Towards 1.0

Saturday, November 7, 2020

After fixing the performance and scalability problems, we’re on our way to getting a stable Pijul. In this post, I explain what I’ve been up to in the recent months.

Context

Pijul has always been advertised as a research project, trying to implement a theory of patches that would be sound and fast. This is an ambitious goal, and became even more ambitious than initially envisioned.

One of the hardest challenges is that source code is by essence stateful, which makes it much harder to iterate over algorithm designs, like normal research projecst need to. For example, in order to get from our last published version to our current design, we have gone through many different variants, and there wasn’t much to publish.

Moreover, the UX aspect is what matters most in the end, and testing it on a real world project is the only way to get it there. However, unlike in a compiler, where bootstrapping is done one step at a time, and previous versions are always available to compile your current one, a version control system has the additional problem that the previous versions might not always be easily accessible if there is a bug.
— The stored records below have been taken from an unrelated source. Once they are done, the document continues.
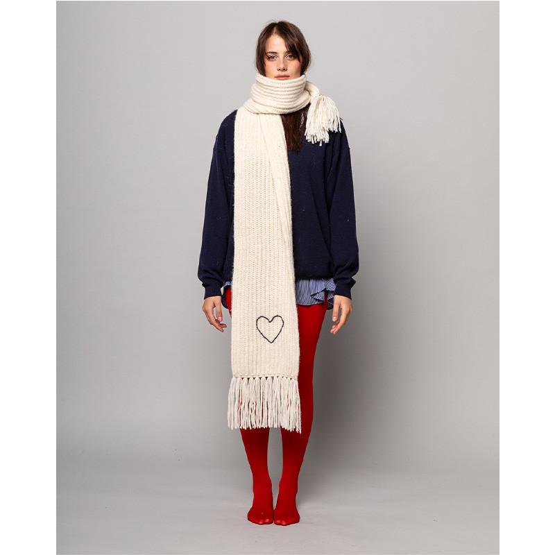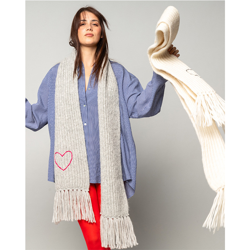 Questa sciarpa lunga e avvolgente con frange è confezionata in un morbido blend di lana e alpaca deadstock, completata da un'etichetta con logo ricamato.
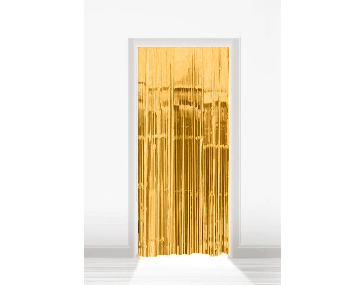 Matte gouden deurgordijn van folie. Perfect als een backdrop of feestelijke entree op elk feestje! De deurgordijn is 1 meter breed en 2 meter hoog.
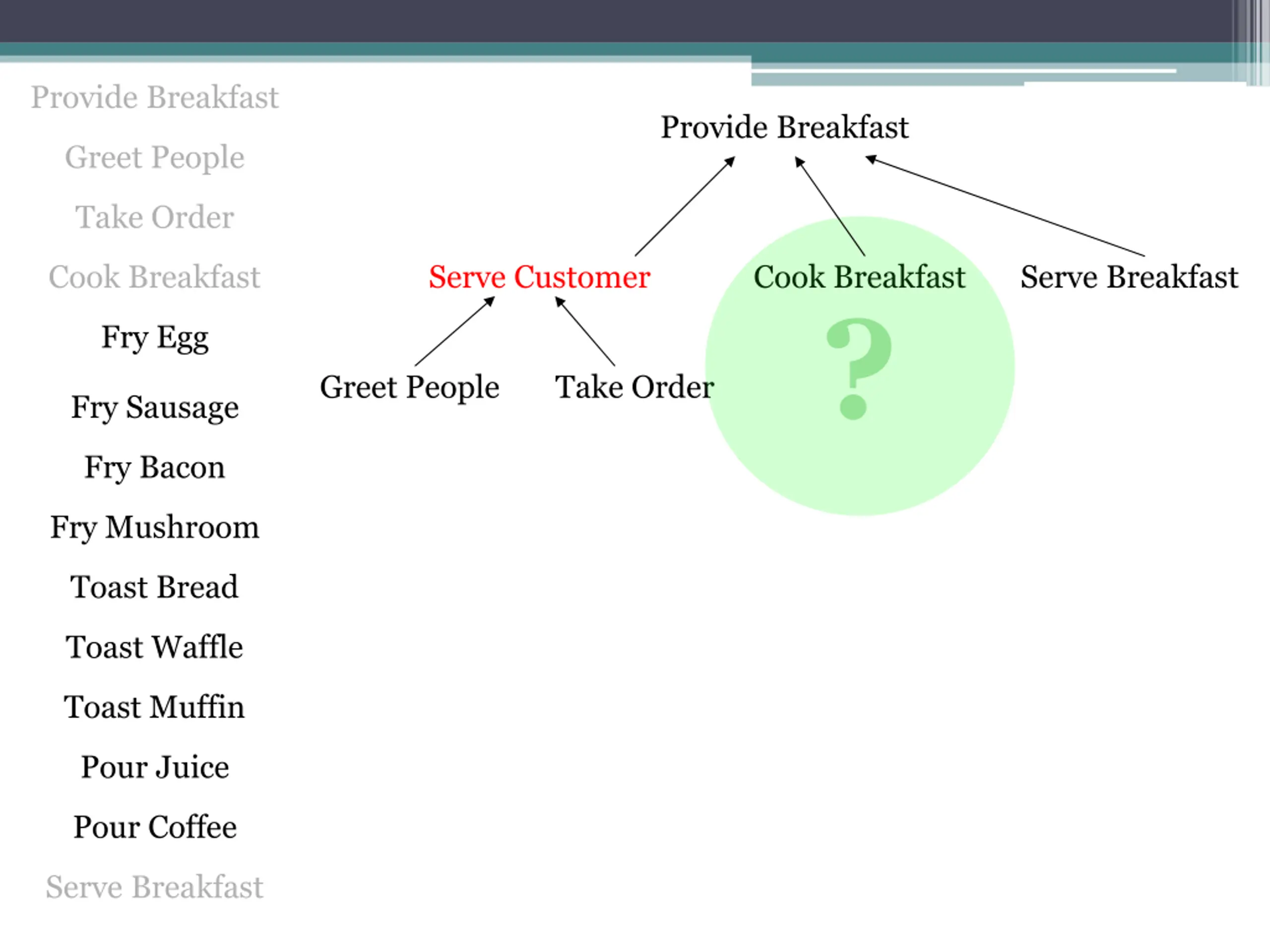 Provide Breakfast Provide Breakfast Greet People Take Order Cook Breakfast Serve Customer Cook Breakfast ? Serve Breakfast Fry Egg Greet People Take Order Fry Sausage Fry Bacon Fry Mushroom Toast Bread Toast Waffle Toast Muffin Pour Juice Pour Coffee Serve Breakfast

One of the criticisms I’ve heard since I realised that better datastructures were possible is that I was “working secretely”. I certainly understand this feeling, but this is based on a misunderstanding of how research works. When I first had the idea that I’m explaining in this post, I realised that a complete rewrite would be needed. But for a very long time, almost nothing other than unusable, unreadable prototypes happened.

Back then, there wasn’t much to show, since it wasn’t even clear that the basic datastructure would work. And even when they started working at a large enough scale, it took me quite a bit of testing on large repositories before they started actually working.

This also implies that there wasn’t much to show for quite a while, since the new algorithm wasn’t usable until very recently, and any repository started before now would have become obsolete in a matter of days.

There were also persoprofessional reasons for this silence, described at the end of this post.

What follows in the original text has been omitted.